Un soleil rasant se couchait sur Konoha, embrasant le village. Des nuages violacés obombraient l'astre rougissant, projetant des silhouettes crépusculaires sur le sol. Des enfants, inconscients d'un futur compromis, jouaient entre ténèbres et lumière, manquant de se faire avaler par l'obscurité. Leurs rires montaient jusqu'aux étoiles.

Aux portes du village, des jōnin affûtés veillaient, tapotant nerveusement le métal de leur bandeau frontal. Ils attendaient de fermer le village, pendant qu'une lune gibbeuse préparait sa place entre les bandes de brume.

Le couvre feu était établi.

La guerre couvait dans l'ombre, refusant de dire son nom. Elle ne manquerait pas de réclamer son tribut de sang et de larmes. Alimentant le cycle infini de la haine et du désespoir.

Au centre du village, un homme goûtait avec un plaisir et un soulagement évident sa sortie de l'hôpital, bien qu'il fût encore un peu faible. Il terminerait de se remettre chez lui, profitant autant du silence et de la solitude que Naruto le lui permettrait, après un repas roboratif. Il s'étira de contentement, puis se glissa furtivement dans le bâtiment de l'Hokage.

« Maître Kakashi, maître Kakashi ! »

Il se pencha sur les adolescents qui se pressaient contre lui, un vague sourire aux lèvres et le regard amusé. Une tête brune s'inclina au-dessus d'un bureau. Un petit signe de la main, un soupir de soulagement.

« Yo, les jeunes !

– Vous allez mieux, maître ?

– Vous avez faim, hein, hein ?

– Oh, oui. »

Il coula vers eux un sourire protecteur qui contamina son regard aux paupières lourdes. Leur empressement réchauffait son âme encore endolorie par les deuils trop nombreux. Un soupçon de regret pour celui qui était absent lui mordit le cœur.
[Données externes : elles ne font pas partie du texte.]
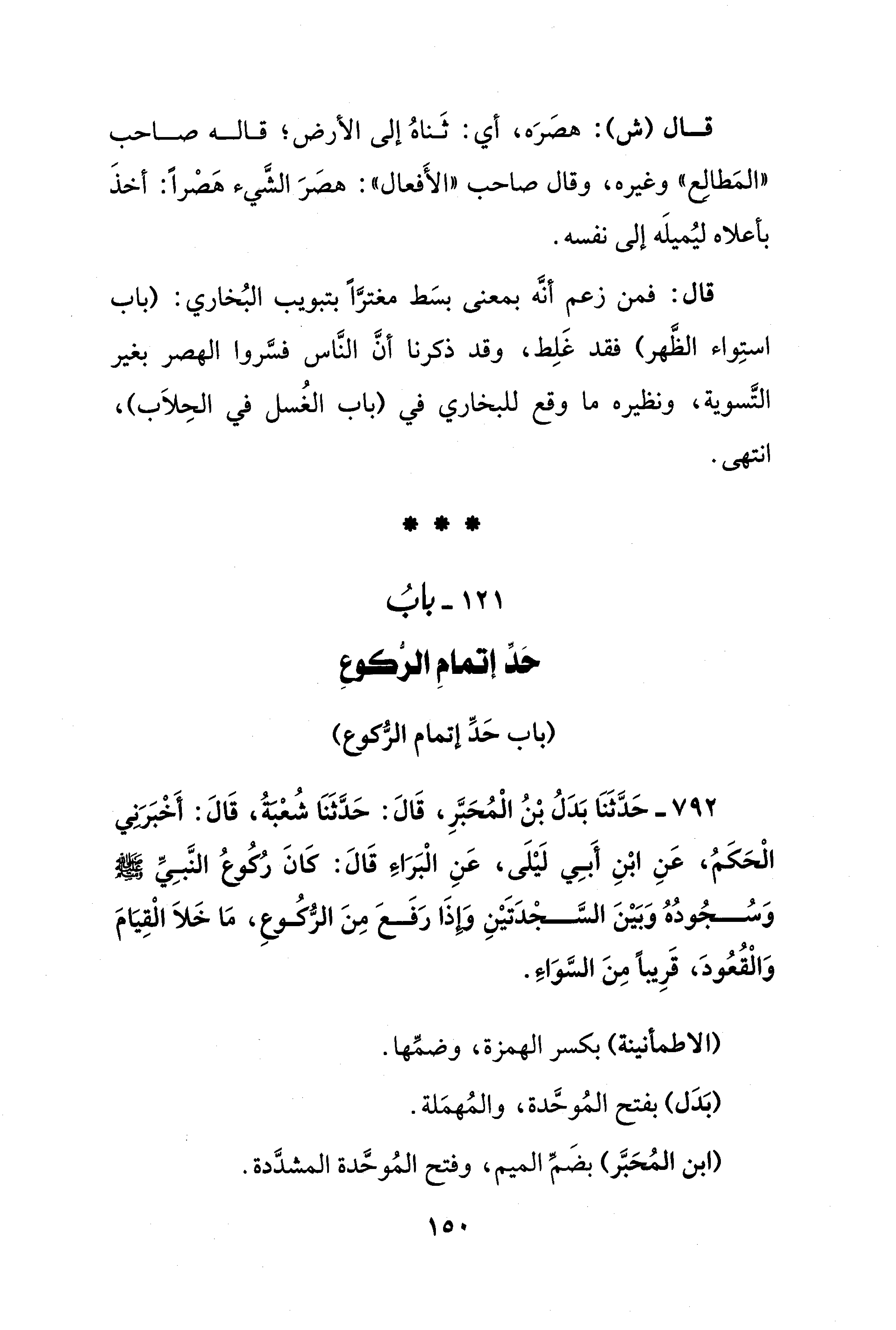 قال: فمن زعم أنَّه بمعنى بسَط مغترًّا بتبويب البُخاري: (باب استِواء الظَّهر) فقد غَلِط، وقد ذكرنا أنَّ النَّاس فسَّروا الهصر بغير التَّسوية، ونظيره ما وقع للبخاري في (باب الغُسل في الحِلاَب)، انتهى.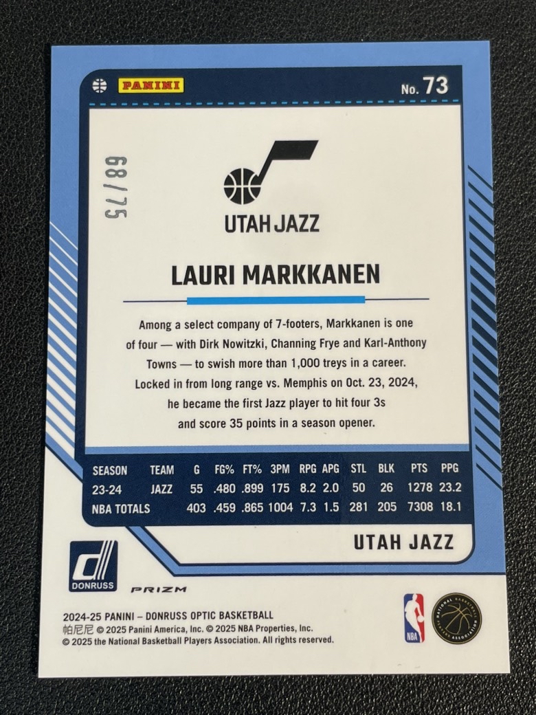 2024-25 Panini Donruss Lauri Markkanen 261 劳里 马尔卡宁 爵士 杜蕾斯op 折射 红折 红泡泡折 75编 实卡精美 卡品如图 尖叫代拍 封印

Les yeux de Naruto brillèrent, alors que Sakura l'observait attentivement, l'ombre du manque passant furtivement dans son regard. Ce n'était pas que l'absence de Sasuke ne créait pas une béance douloureuse dans le cœur de Naruto, pas du tout. C'était que l'adolescent était capable de compartimenter sévèrement les divers aspects de sa vie. Question de survie, lorsque l'on se laissait autant déborder par ses émotions.

Kakashi soupira en les observant… Si seulement il pouvait les protéger…

« Allons donc manger des ramens. Tenzō ?

– Yamato ! »Siffla-t-il entre ses dents, les yeux au ciel. Ce n'était pas suffisant de devoir remplir cette putain de paperasse, il fallait que l'autre là-bas se fît un malin plaisir de ne pas respecter sa nouvelle identité ! Son énervement retomba cependant aussi vite qu'il était monté – il n'était pas dans sa nature de rester contrarié, ou sombre – et il eut un demi sourire moqueur en levant les yeux au ciel. Kakashi lança un regard amusé en direction des adolescents, qui ne l'avaient pas entendu, puis observa discrètement du coin de l'œil celui qui le remplaçait actuellement.

« Oups ! Yamato ?

– Oui, je viens. »

Le visage du jeune homme se fendit d'un sourire. Il venait de finir de remplir les documents administratifs qui viendraient compléter l'immense tas que l'Hokage devrait relire et signer en maugréant et réclamant un verre de saké à une Shizune réticente. Pendant ce temps, Kakashi et Naruto discutaient à bâtons rompus. Le second semblait ronchonner, et son instructeur eut un petit sourire taquin qui lui illumina l'œil.

« Il n'arrête pas de me faire des blagues pourries, un adulte comme lui, tout de même ! »

Le garçon écarta les bras d'un air excédé, même si une lueur amusée éclairait le bleu de ses yeux. Kakashi s'attendait presque à le voir trépigner de colère, même si Naruto était totalement incapable de rester fâché longtemps.

« Yamato a le sens de l'humour ! »

Le garçon se renfrogna et afficha une moue boudeuse.

« Ouais, vous parlez d'un humour, il s'amuse à me flanquer la trouille. Non mais sérieux, maître Kakashi ! »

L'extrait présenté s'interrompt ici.